8- Create a new group called costumers with GID = 300. Look at changes at /etc/group. Check and show clearly that a new group called costumers has been added to your system.

9- Modify clot UID and change it to 2000. Look at changes at /etc/passwd. Check and show clearly that  user clot has been modified.

10- Add clot and fje users to the costumers. Look at changes at /etc/group. Check and show clearly that  users clot and fje have been added to the grup costumers.

11- Change clot default group to adm. Look at changes at /etc/passwd. Check and show clearly that  user clot has been modified. 

12- Change costumers GID to 300. Look at changes at /etc/group. Check and show clearly that  group costumers has been modified.

13- Show members of group costumers.

14- Modify clot's password. The new password will be tJEpcRom47@

15- Remove clot and fje from costumers. Look at changes at /etc/group. Check and show clearly that  users clot and fje have been removed from costumers.

16- Remove clot and his/her home directory. Check and show clearly that:
    a) User clot has been removed from /etc/passwd and /etc/shadow.
     b) Directory /home/clot has been removed from your system.

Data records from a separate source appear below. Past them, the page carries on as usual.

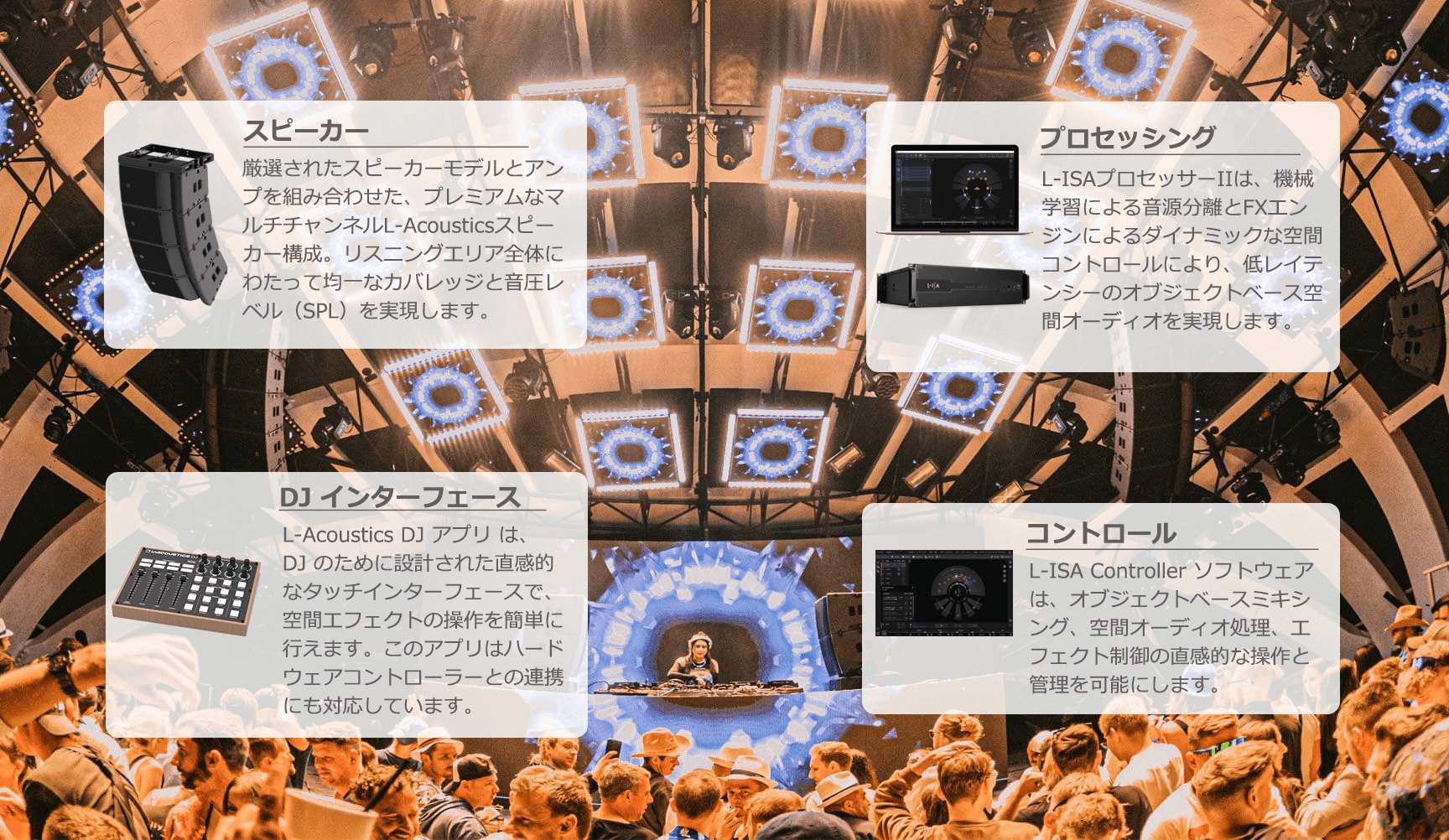 業界をリードするL-ISAプロセッシングテクノロジーを搭載したL-Acousticsエコシステムの精度とパフォーマンスを体感してください。この統合により、比類のない空間オーディオコントロールと明瞭な音像を実現します。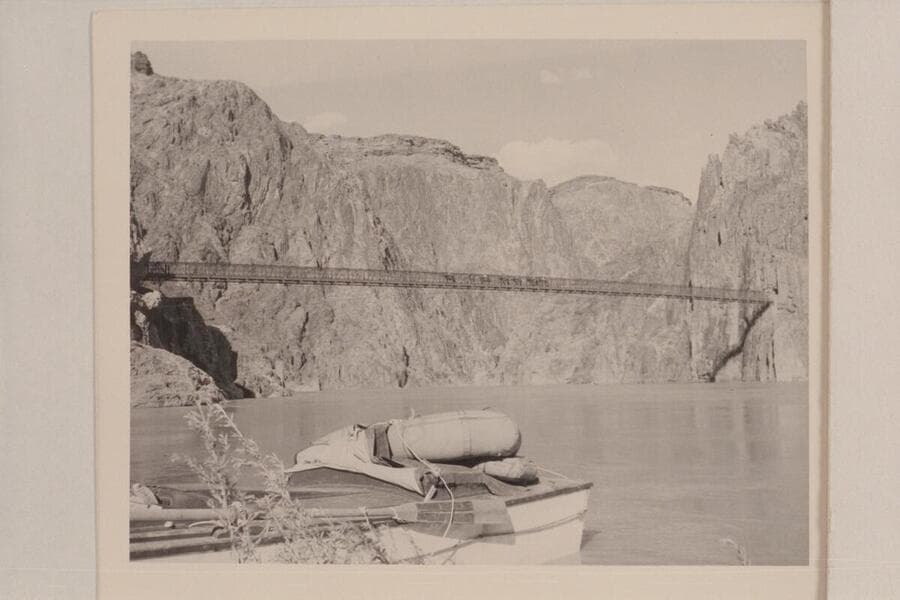 The "Esmeralda II" moored at the beach above Bright Angel Creek. The small floats aft were for emergency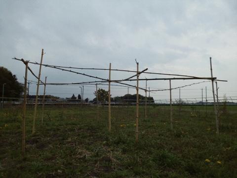 昨年は、横着して地這いにしてしまった為、雑草に塗れ、生育不順でした。ことしは雑ではあるけど、資材費ゼロでさっさと組み立てました。棚の上部に細い竹で格子を作れば完成です。脆そうにみえますが、経験上これでもかなりの耐久性があります。太い竹を使用すると自重で倒れたりするのですが、これは台風が来ても揺れはするけど大丈夫です。種もそろそろ蒔くことにしよう。

17- Remove costumers. Look at changes at /etc/group. Check and show clearly that  costumers has been removed from your system.

18- Disable and lock the fje user account. Try to gain access to the fje account. What happens?.

19- Enable and unlock the fje user account again. Try to gain access to the fje account. What happens?.

PART II - Checking the effects of being member of a group or not

a) Mount your 10GiB (11GB Volume) hard drive. We learned how to mount a hard drive in sm1act05.
b) Run the following commands with root privileges:
    sudo chmod -R 770 /media
    sudo chgrp -R users /media
c) Check that your user is member of a group called users with the help of the command id.
d) Gain access to the 11GB Volume and create a new file called test. Have you experienced any problem. Why? (Write the appropiate sentence according to the question asked)
e) Remove your user from the group users wit the help of gpasswd. Afterwards logout and login again on the system. Check that your user is no member of users any longer.
f) Can you gain access to the 11GB Volume. Why? (Write the appropiate sentence according to the question asked)
g) Add  your user to the group users wit the help of gpasswd. Afterwards logout and login on the system. Check that your user is member of users again.
h) Gain access to the volume and create a new file called test01. Have you experienced any problem?.Why? (Write the appropiate sentence according to the question asked)
i) What is the effect of adding users to/deleting user from a group?